A metric is a numerical value collected over time.
Examples include:
- CPU Utilization
- Memory Usage
- Disk Space
- Network Traffic
- HTTP Requests
- API Latency
- Error Count
- Active Users
- JVM Heap Usage
CloudWatch stores these values as time-series data.

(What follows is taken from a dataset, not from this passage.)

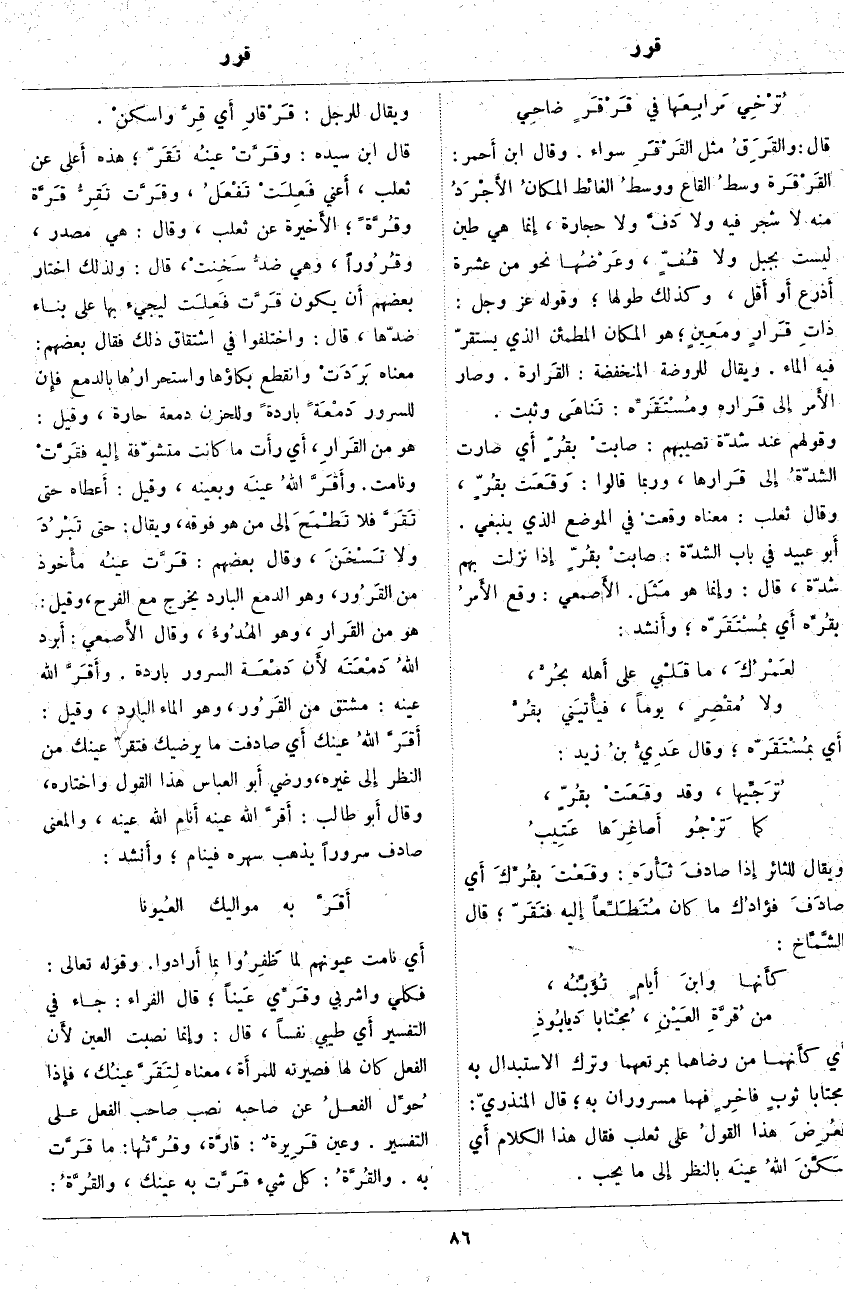أَي كأَنهما مِنْ رِضَاهُمَا بِمَرْتَعِهِمَا وَتَرْكِ الِاسْتِبْدَالِ بِهِ مُجتابا ثوبٍ فاخِرٍ فَهُمَا مَسْرُورَانِ بِهِ؛ قَالَ الْمُنْذِرِيُّ: فعُرِضَ هَذَا القولُ عَلَى ثَعْلَبٍ فَقَالَ هَذَا الْكَلَامُ أَي سَكَّنَ اللهُ عينَه بِالنَّظَرِ إِلى مَا يُحِبُّ. وَيُقَالُ لِلرَّجُلِ: قَرْقارِ أَي قِرَّ واسكنْ. قَالَ ابْنُ سِيدَهْ: وقَرَّتْ عينُه تَقَرّ؛ هَذِهِ أَعلى عَنْ ثَعْلَبٍ، أَعني فَعِلَتْ تَفْعَلُ، وقَرَّت تَقِرُّ قَرَّة وقُرَّةً؛ الأَخيرة عَنْ ثَعْلَبٍ، وَقَالَ: هِيَ مَصْدَرٌ، وقُرُوراً، وَهِيَ ضدُّ سَخِنتْ، قَالَ: وَلِذَلِكَ اخْتَارَ بَعْضُهُمْ أَن يَكُونَ قَرَّت فَعِلَت لِيَجِيءَ بِهَا عَلَى بِنَاءِ ضِدِّهَا، قَالَ: وَاخْتَلَفُوا فِي اشْتِقَاقِ ذَلِكَ فَقَالَ بَعْضُهُمْ: مَعْنَاهُ بَرَدَتْ وَانْقَطَعَ بُكَاؤُهَا واستحرارُها بِالدَّمْعِ فإِن لِلسُّرُورِ دَمْعَةً بَارِدَةً وَلِلْحُزْنِ دَمْعَةً حَارَّةً، وَقِيلَ: هُوَ مِنَ القَرارِ، أَي رأَت ما كانت متشوّقة إِليه فقَرَّتْ وَنَامَتْ. وأَقَرَّ اللهُ عينَه وَبِعَيْنِهِ، وَقِيلَ: أَعطاه حَتَّى تَقَرَّ فَلَا تَطْمَحَ إِلى مَنْ هُوَ فَوْقَهُ، وَيُقَالُ: حَتَّى تَبْرُدَ وَلَا تَسْخَنَ، وَقَالَ بَعْضُهُمْ: قَرَّت عينُه مأْخوذ مِنَ القَرُور، وَهُوَ الدَّمْعُ الْبَارِدُ يَخْرُجُ مَعَ الْفَرَحِ، وَقِيلَ: هُوَ مِنَ القَرارِ، وَهُوَ الهُدُوءُ، وَقَالَ الأَصمعي: أَبرد اللهُ دَمْعَتَه لأَن دَمْعَة السُّرُورِ بَارِدَةٌ. وأَقَرَّ اللَّهُ عَيْنَهُ: مُشْتَقٌّ مِنَ القَرُور، وَهُوَ الْمَاءُ الْبَارِدُ، وَقِيلَ: أَقَرَّ اللهُ عَيْنَكَ أَي صَادَفْتَ مَا يُرْضِيكَ فَتَقَرُّ عَيْنُكَ مِنَ النَّظَرِ إِلى غَيْرِهِ، وَرَضِيَ أَبو الْعَبَّاسِ هَذَا الْقَوْلَ وَاخْتَارَهُ، وَقَالَ أَبو طَالِبٍ: أَقرَّ اللَّهُ عَيْنَهُ أَنام اللَّهُ عَيْنَهُ، وَالْمَعْنَى صَادَفَ سُرُورًا يُذْهِبُ سَهَرَهُ فَيَنَامُ؛ وأَنشد:

CloudWatch Monitoring Architecture
flowchart LR
A[Users]
B[Spring Boot Application]
C[Micrometer]
D[CloudWatch Metrics]
E[CloudWatch Dashboard]
F[CloudWatch Alarm]
G[SNS Email]
H[Auto Scaling]
A --> B
B --> C
C --> D
D --> E
D --> F
F --> G
F --> H
Types of Metrics
AWS Service Metrics
Automatically collected.
Examples:
- EC2 CPU
- RDS Connections
- Lambda Invocations
- SQS Queue Length
- ALB Request Count
No application changes required.
Application Metrics
Generated by your application.
Examples:
- Orders Processed
- Login Success
- Failed Payments
- API Response Time
- Business Transactions
Custom Metrics
Developer-defined metrics.
Examples:
OrdersCreated
PaymentsFailed
InventoryUpdated
CustomerRegistrations
Real-World Example
Suppose an Order Service processes customer orders.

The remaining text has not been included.